Wednesday, February 29, 2012

TICK MOTHER#%@*ING TOCK

Last week on the news, I saw a story about a Mexican woman who found an abandoned baby at a gas station. My first thought was, "That is the luckiest Mexican woman ever." My second thought was, "I wish I found a baby at a gas station. I'm sure Kenny (my roommate) wouldn't let me keep it, but I think I could make a convincing power-point presentation."

Yes, I know. I'm thinking the same thing you are. I'm not proud. I don't understand how I got here, either. The biological clock is not a joke. It strikes when you least expect it, and once it does, there's no going back.
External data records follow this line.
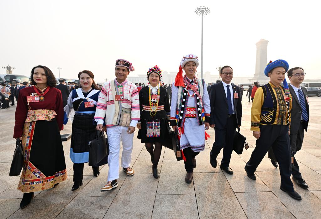 2023年3月5日,第十四屆全國人民代表大會第一次會議在北京人民大會堂開幕。這是全國人大代表走向會場。 新華社記者 陳益宸 攝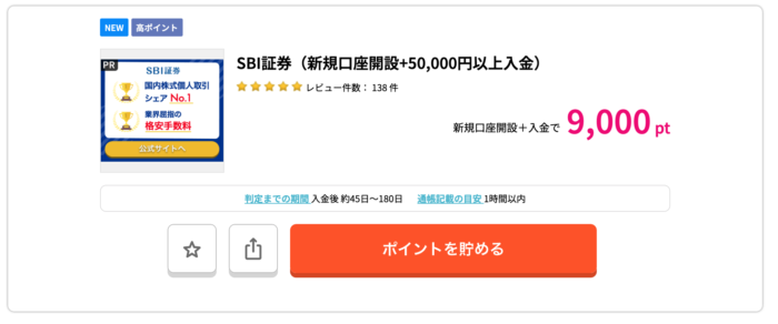 SBI証券のポイントサイトでの口座開設で大量ポイント獲得の案件をご紹介してきました。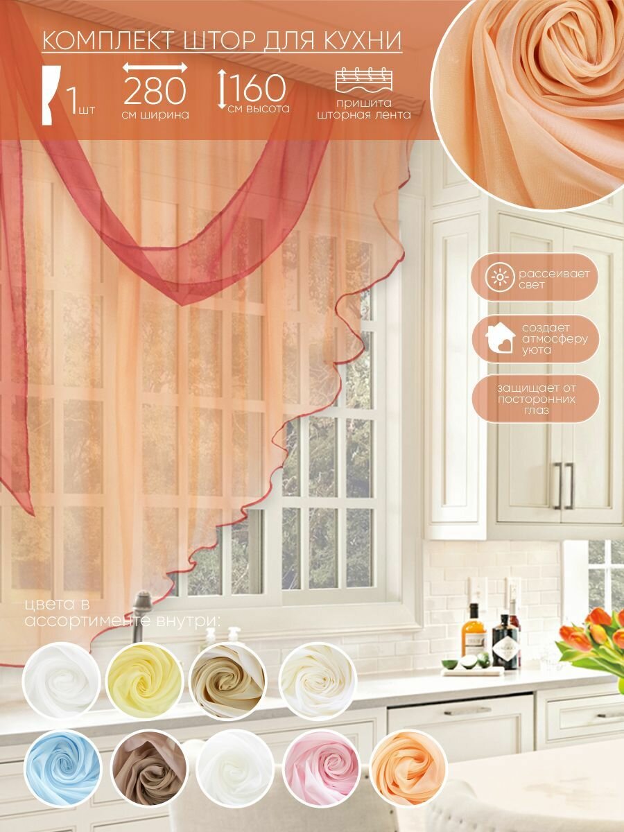 Комплект штор Witerra для кухни Весна 280*160 персик лев. -1шт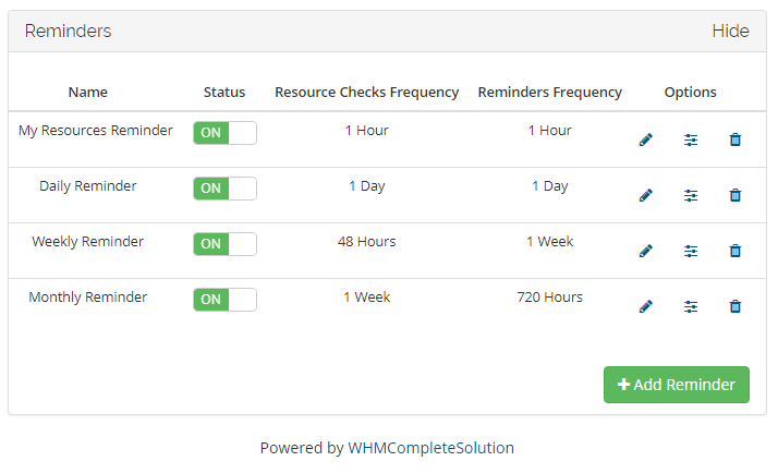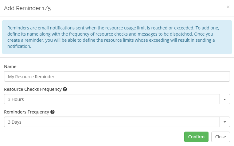 | ✔ Allow Clients To Create Multiple Resource Usage Reminders: |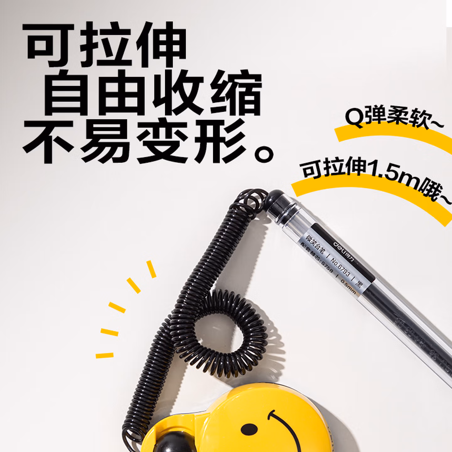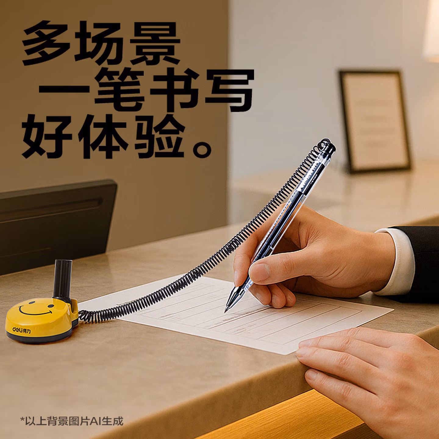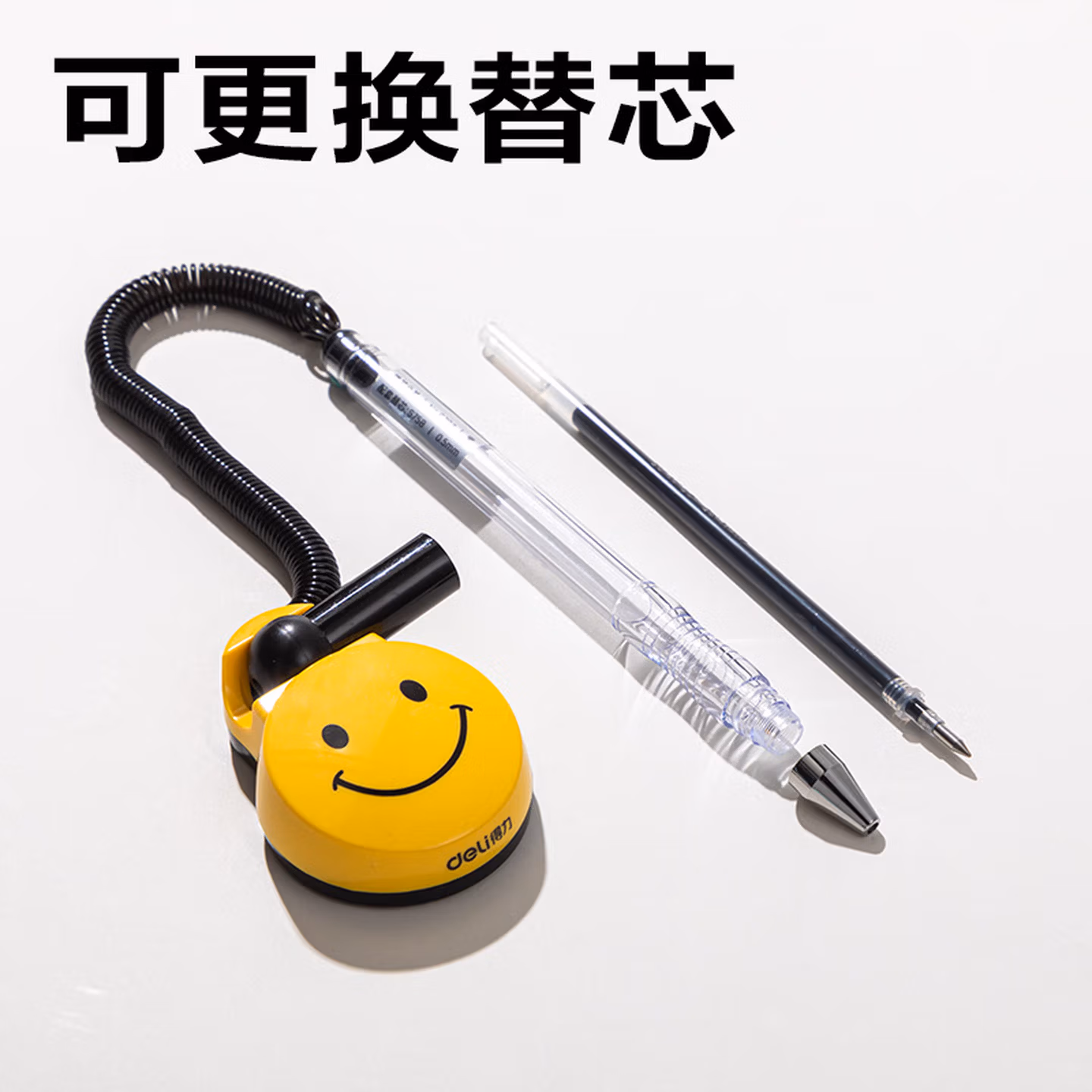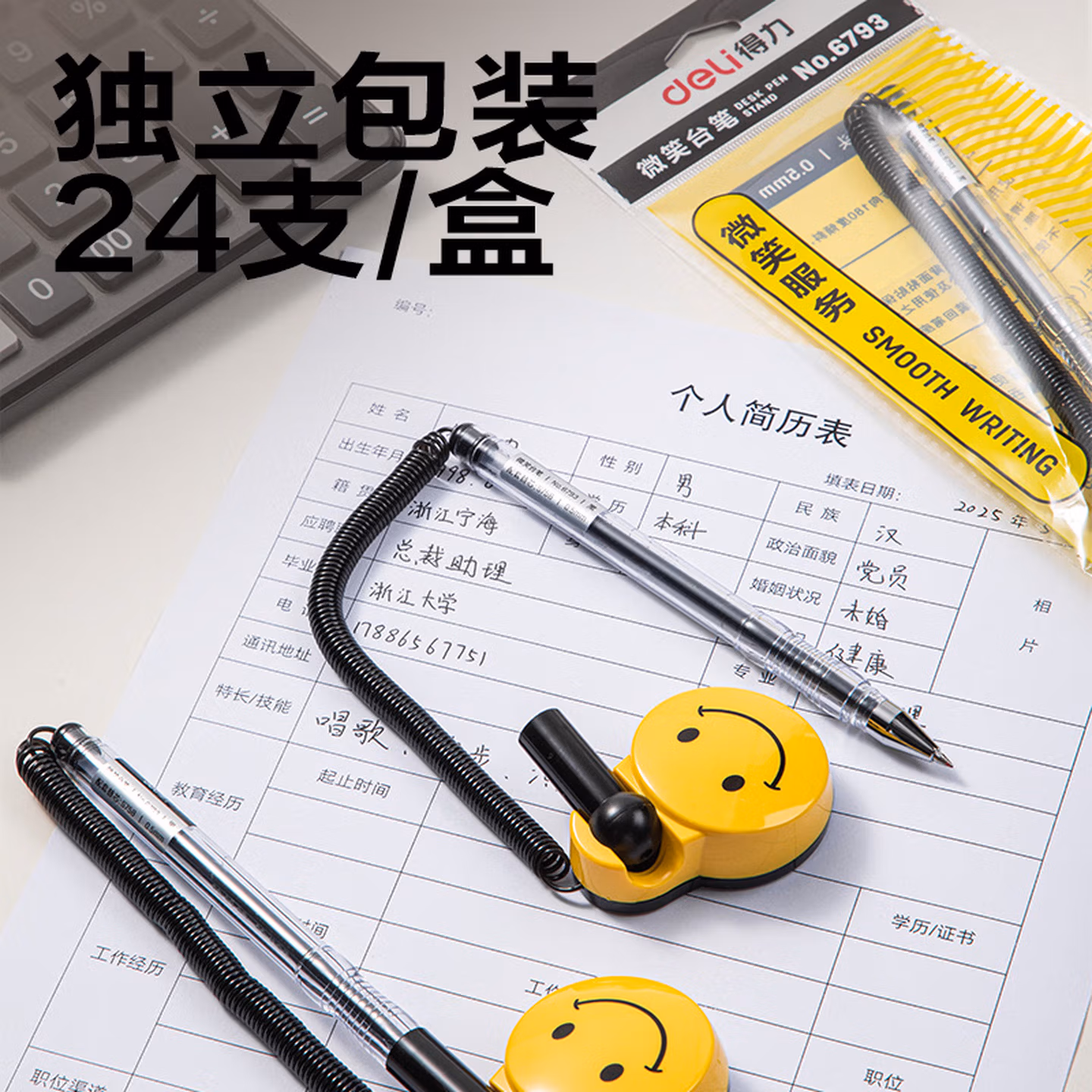 得力(deli)黑色微笑办公桌面台笔 0.5mm子弹头可粘贴台式中性笔24支/盒6793

If you are a man and you're reading this and you are about to throw your computer and run as fast as you can in the opposite direction because you think I spend my free time poking holes in condoms, just hold on a second. I'd like to defend my ovaries. First of all, I am in no way ready to be a mother. There are so many things I need to do before that happens. At the top of the list is "Take Over the World," followed by, "Try to Have a Serious, Committed Relationship with a Man That Lasts Longer Than 3 Months and Isn't Long-Distance." I don't have a savings account, I don't have health insurance, and I live in a household with no band-aids. (I learned that the hard way when I sliced my finger cooking the other day and I had to tape a paper towel around my finger.) That is enough to have someone call Child Protective Services on me. Second, I didn't ask for this and I certainly didn't welcome it. I resisted giving in to liking children with willpower I don't even possess towards cupcakes. But once you catch one of these tiny adorable creatures flashing you a smile in the grocery store, it's hard not to follow them throughout the store. Sometimes they can smell the creep on you and run away. I can't say that I blame them for that.

It's a weird feeling when you start to realize that this clock is ticking and you see things differently. I've never really had a "type" when it comes to men, but I've noticed I've developed something I like to call a "Baby-Daddy Type." These are the unusually attractive guys that I've never usually been attracted to. (I'm more of a personality girl.)  But now when I see a tall, dark, and handsome man with light eyes, I think, "that man is going to produce some ridiculously good-looking offspring and I need to find a way to acquire his sperm for reproductive purposes." Ideally, I would like to produce an interracial baby or two, and then adopt the remaining participating races needed for a United Colors of Benetton ad. That's best-case scenario.

I've got my future all figured out. Until then, you can find me terrorizing my friends' children with affection.